[[ Provided entries, beginning ]]

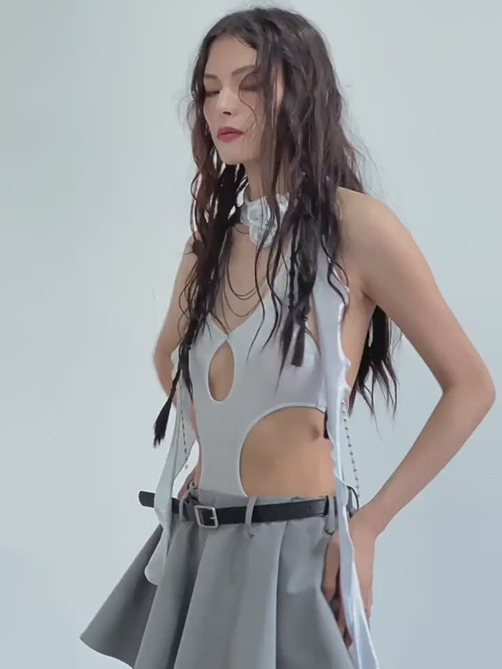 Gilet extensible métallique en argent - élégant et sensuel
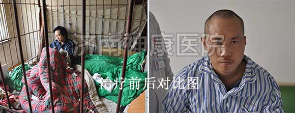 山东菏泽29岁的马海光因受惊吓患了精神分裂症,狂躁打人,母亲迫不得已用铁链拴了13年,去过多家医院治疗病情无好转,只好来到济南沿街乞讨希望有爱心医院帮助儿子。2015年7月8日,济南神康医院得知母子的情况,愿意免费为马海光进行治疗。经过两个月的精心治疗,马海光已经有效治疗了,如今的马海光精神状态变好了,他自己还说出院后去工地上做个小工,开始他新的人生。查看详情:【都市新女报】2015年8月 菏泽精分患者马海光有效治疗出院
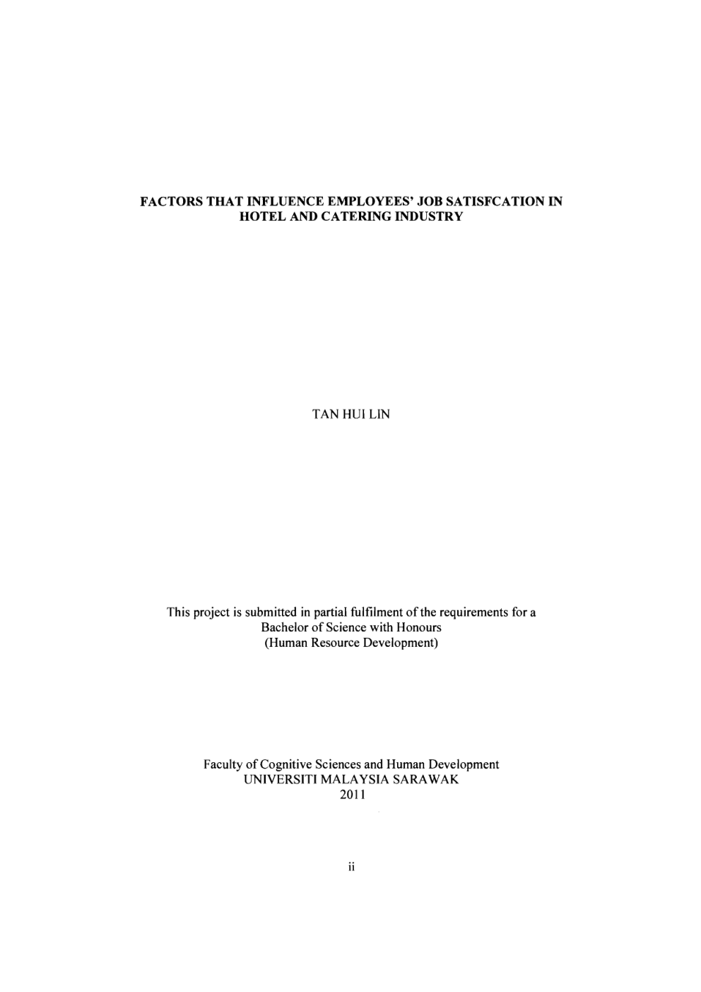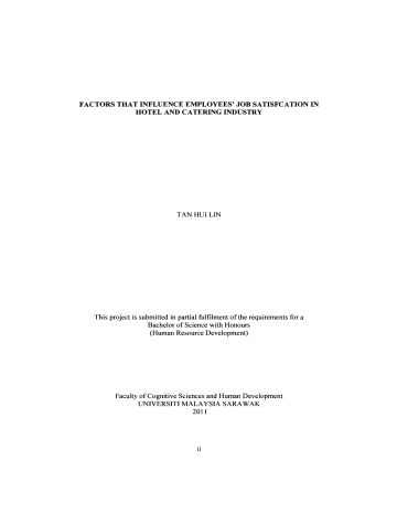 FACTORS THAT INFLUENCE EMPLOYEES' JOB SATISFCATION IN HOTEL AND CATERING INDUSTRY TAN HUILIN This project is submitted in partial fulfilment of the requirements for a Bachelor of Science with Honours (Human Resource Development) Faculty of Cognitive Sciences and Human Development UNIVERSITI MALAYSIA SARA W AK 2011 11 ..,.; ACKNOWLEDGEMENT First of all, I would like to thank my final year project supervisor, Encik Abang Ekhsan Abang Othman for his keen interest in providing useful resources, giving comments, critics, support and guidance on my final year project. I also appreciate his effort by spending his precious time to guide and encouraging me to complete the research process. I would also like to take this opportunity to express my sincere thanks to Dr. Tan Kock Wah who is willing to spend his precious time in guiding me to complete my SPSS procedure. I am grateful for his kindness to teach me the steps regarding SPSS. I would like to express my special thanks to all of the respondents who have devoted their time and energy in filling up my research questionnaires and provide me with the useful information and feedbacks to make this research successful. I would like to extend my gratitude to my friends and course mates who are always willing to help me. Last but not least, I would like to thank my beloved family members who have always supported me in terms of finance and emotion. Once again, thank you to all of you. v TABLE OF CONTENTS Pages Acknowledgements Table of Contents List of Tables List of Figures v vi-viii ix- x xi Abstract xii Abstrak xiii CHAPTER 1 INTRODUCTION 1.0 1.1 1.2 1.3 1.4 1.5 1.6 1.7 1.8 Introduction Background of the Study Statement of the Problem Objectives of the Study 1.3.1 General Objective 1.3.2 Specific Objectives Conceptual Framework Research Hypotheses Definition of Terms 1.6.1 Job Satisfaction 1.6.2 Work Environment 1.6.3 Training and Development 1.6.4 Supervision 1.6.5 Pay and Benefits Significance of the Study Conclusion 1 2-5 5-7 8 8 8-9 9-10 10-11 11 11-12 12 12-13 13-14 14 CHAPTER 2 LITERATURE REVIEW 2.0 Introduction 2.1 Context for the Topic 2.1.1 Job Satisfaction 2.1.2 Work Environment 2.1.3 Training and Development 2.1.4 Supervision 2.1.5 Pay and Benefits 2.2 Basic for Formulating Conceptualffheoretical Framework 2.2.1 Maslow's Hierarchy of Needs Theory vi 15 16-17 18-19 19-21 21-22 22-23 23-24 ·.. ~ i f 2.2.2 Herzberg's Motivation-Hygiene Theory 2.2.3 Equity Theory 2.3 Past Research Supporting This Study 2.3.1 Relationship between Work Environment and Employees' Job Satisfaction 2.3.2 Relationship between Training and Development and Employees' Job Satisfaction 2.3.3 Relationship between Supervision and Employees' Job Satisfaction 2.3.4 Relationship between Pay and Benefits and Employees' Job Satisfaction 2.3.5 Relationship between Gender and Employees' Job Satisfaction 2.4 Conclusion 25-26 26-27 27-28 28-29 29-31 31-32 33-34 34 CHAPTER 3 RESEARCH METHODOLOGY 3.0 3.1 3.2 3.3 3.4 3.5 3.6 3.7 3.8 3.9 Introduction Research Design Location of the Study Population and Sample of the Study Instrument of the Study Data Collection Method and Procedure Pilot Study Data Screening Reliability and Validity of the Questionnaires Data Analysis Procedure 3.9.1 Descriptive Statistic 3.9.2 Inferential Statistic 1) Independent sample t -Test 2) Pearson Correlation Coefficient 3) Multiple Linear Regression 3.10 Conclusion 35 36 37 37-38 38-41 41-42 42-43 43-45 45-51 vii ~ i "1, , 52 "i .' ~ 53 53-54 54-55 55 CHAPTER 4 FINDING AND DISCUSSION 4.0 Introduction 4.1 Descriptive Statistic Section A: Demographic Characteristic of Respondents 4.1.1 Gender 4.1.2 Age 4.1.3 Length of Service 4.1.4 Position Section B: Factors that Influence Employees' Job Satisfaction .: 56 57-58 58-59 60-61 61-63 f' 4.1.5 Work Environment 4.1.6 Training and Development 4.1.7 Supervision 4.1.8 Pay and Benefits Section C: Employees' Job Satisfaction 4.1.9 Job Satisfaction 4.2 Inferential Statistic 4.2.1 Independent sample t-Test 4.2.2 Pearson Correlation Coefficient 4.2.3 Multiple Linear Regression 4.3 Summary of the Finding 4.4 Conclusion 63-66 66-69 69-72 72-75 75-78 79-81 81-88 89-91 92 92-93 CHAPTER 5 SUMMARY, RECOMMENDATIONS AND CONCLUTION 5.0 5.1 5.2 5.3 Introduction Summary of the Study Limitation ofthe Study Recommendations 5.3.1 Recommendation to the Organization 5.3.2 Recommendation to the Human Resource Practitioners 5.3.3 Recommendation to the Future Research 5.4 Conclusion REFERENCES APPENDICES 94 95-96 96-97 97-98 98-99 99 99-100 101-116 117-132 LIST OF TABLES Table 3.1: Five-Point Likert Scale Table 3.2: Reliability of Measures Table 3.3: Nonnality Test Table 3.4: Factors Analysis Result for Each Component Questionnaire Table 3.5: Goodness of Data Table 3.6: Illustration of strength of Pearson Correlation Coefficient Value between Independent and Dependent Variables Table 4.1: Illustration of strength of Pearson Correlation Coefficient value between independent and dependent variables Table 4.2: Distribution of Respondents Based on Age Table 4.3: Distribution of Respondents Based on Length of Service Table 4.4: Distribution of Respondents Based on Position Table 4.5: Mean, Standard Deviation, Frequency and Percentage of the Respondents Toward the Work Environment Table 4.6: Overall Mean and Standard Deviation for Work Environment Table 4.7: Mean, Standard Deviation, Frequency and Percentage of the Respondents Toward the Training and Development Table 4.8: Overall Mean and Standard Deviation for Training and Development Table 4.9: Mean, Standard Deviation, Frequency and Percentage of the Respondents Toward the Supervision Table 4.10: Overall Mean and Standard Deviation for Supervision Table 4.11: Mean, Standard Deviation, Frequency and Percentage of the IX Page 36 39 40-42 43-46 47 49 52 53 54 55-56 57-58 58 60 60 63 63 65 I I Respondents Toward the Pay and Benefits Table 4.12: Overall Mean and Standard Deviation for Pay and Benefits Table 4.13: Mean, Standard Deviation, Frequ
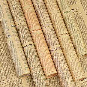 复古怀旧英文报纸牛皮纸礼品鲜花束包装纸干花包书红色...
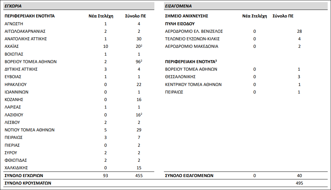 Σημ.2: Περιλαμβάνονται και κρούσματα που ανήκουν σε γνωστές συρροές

[[ Provided entries, end ]]

§ **Required work**:
Start at the line that contains "复古怀旧英文报纸牛皮纸礼品鲜花束包装纸干花包书红色..." and retype every line through the end of the entries above, both ends included. Exclude all pictures.

§ **Response below**:
 复古怀旧英文报纸牛皮纸礼品鲜花束包装纸干花包书红色...
 Σημ.2: Περιλαμβάνονται και κρούσματα που ανήκουν σε γνωστές συρροές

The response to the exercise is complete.